┌──
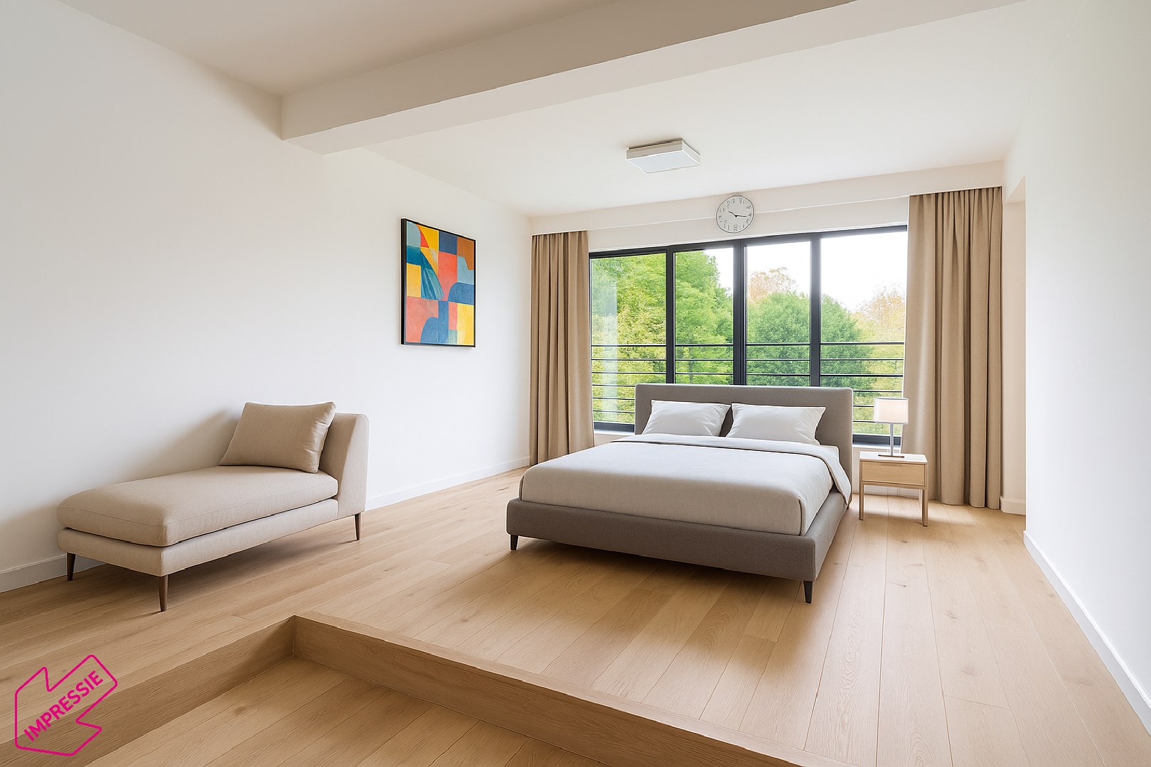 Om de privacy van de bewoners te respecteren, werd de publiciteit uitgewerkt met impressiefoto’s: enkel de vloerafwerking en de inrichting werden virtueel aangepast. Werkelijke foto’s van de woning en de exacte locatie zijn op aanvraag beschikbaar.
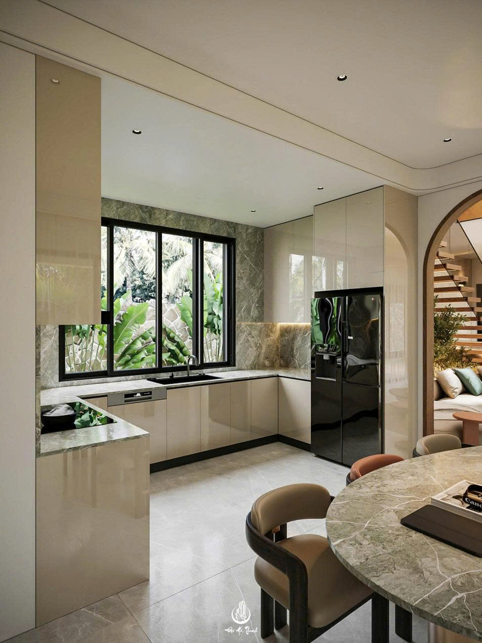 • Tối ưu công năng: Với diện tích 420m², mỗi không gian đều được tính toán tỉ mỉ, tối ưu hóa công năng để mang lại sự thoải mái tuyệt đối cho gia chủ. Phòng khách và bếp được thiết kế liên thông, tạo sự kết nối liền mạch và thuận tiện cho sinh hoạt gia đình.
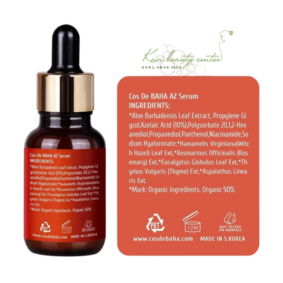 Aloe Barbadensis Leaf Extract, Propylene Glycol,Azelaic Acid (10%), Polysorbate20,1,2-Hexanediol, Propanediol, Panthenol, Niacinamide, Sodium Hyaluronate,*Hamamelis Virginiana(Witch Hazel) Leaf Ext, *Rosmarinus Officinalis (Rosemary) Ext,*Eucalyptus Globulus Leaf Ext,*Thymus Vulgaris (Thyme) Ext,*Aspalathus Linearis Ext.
└──
┌──
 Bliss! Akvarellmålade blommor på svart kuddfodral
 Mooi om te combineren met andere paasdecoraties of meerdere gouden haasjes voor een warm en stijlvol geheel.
└──
┌──
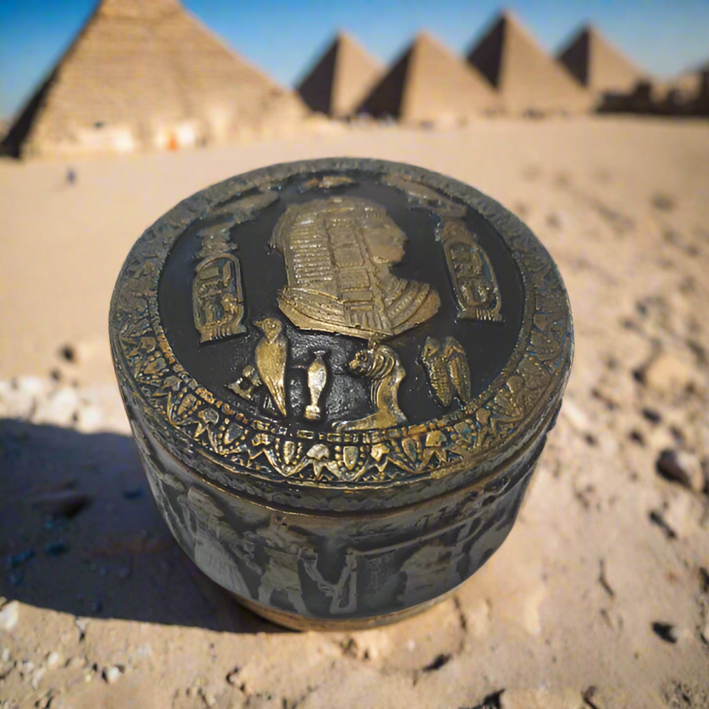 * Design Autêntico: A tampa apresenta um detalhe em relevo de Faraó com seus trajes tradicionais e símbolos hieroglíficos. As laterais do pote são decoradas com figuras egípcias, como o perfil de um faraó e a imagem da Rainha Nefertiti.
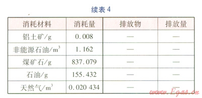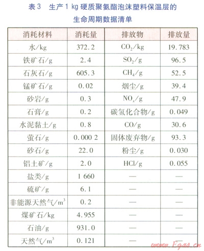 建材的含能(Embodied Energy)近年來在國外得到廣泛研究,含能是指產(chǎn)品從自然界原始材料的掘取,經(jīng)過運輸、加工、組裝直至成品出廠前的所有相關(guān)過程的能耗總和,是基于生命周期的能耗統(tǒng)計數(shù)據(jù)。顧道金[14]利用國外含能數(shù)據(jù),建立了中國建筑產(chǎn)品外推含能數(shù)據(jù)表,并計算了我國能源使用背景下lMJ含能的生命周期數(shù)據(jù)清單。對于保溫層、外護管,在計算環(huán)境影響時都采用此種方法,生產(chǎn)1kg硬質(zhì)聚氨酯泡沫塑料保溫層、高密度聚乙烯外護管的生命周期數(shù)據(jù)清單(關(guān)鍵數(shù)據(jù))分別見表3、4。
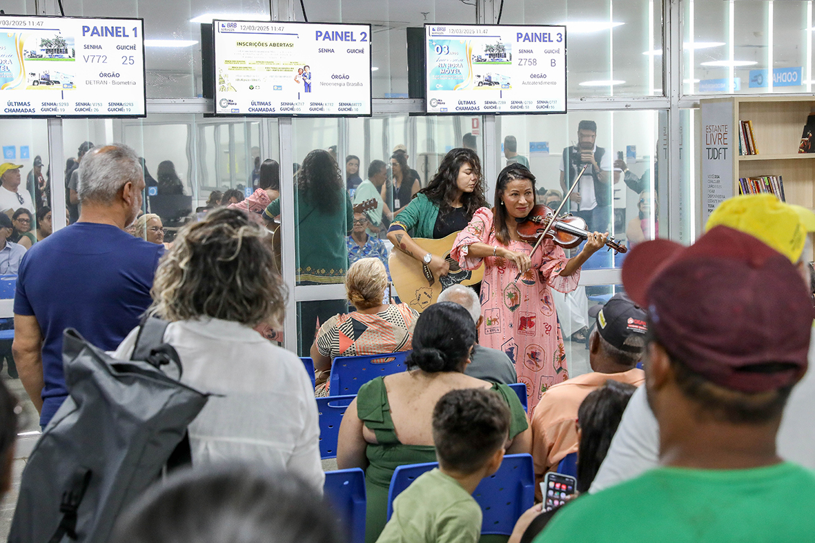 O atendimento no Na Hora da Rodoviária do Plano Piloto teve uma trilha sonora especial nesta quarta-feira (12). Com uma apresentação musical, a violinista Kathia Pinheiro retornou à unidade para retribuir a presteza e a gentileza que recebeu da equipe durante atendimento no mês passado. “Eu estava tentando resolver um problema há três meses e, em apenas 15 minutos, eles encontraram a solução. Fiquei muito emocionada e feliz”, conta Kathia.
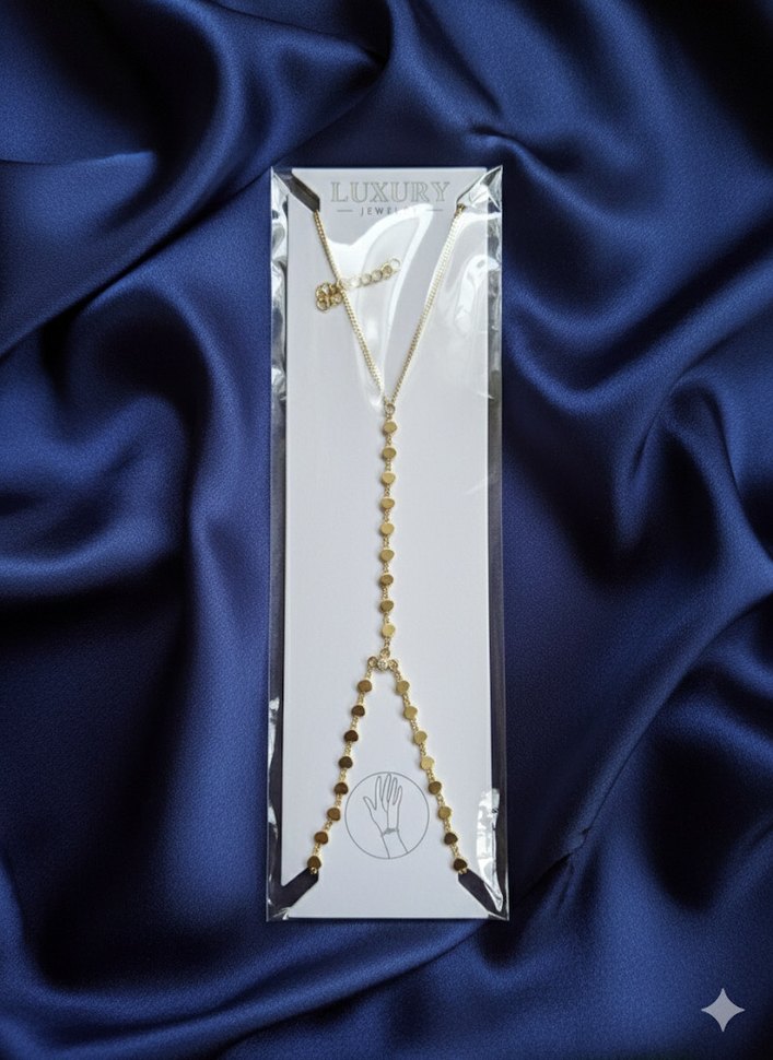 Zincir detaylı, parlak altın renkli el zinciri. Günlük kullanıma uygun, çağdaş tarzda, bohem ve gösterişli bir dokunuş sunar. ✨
└──
Exercise prompt:
Reproduce the data above exactly, but only the lines from the one showing "da Rainha Nefertiti." through the one showing "建材的含能(Embodied", with both ends kept and the pictures left out.

Solution for this exercise:
 * Design Autêntico: A tampa apresenta um detalhe em relevo de Faraó com seus trajes tradicionais e símbolos hieroglíficos. As laterais do pote são decoradas com figuras egípcias, como o perfil de um faraó e a imagem da Rainha Nefertiti.
 建材的含能(Embodied Energy)近年來在國外得到廣泛研究,含能是指產(chǎn)品從自然界原始材料的掘取,經(jīng)過運輸、加工、組裝直至成品出廠前的所有相關(guān)過程的能耗總和,是基于生命周期的能耗統(tǒng)計數(shù)據(jù)。顧道金[14]利用國外含能數(shù)據(jù),建立了中國建筑產(chǎn)品外推含能數(shù)據(jù)表,并計算了我國能源使用背景下lMJ含能的生命周期數(shù)據(jù)清單。對于保溫層、外護管,在計算環(huán)境影響時都采用此種方法,生產(chǎn)1kg硬質(zhì)聚氨酯泡沫塑料保溫層、高密度聚乙烯外護管的生命周期數(shù)據(jù)清單(關(guān)鍵數(shù)據(jù))分別見表3、4。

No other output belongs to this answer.